Work task: Please repeat word for word the line containing "Naklejka premium vector" and every following line up to and including the last one below, pictures excluded.

Source material below:

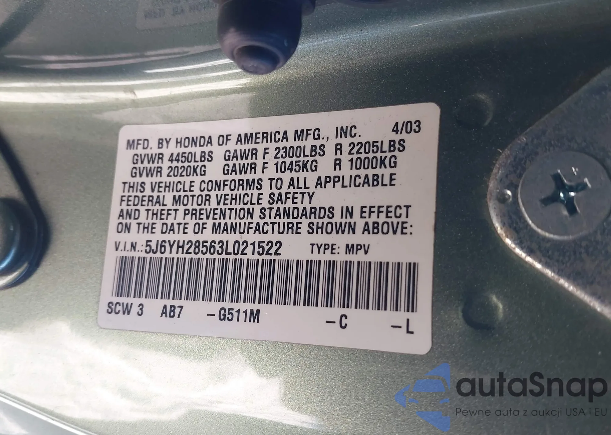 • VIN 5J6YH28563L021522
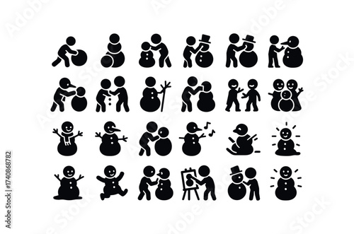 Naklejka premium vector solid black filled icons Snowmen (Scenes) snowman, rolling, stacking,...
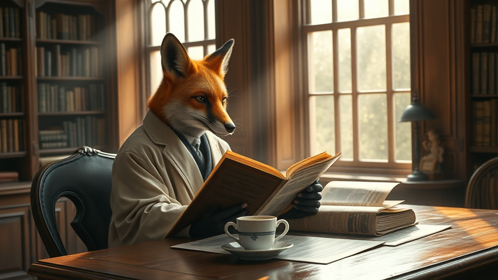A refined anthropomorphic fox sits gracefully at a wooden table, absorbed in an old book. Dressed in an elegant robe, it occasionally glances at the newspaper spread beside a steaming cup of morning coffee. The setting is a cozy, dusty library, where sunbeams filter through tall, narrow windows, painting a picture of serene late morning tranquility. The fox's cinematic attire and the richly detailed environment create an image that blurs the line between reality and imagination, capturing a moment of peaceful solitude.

End of Source material.

Result of the exercise:
 Naklejka premium vector solid black filled icons Snowmen (Scenes) snowman, rolling, stacking,...
A refined anthropomorphic fox sits gracefully at a wooden table, absorbed in an old book. Dressed in an elegant robe, it occasionally glances at the newspaper spread beside a steaming cup of morning coffee. The setting is a cozy, dusty library, where sunbeams filter through tall, narrow windows, painting a picture of serene late morning tranquility. The fox's cinematic attire and the richly detailed environment create an image that blurs the line between reality and imagination, capturing a moment of peaceful solitude.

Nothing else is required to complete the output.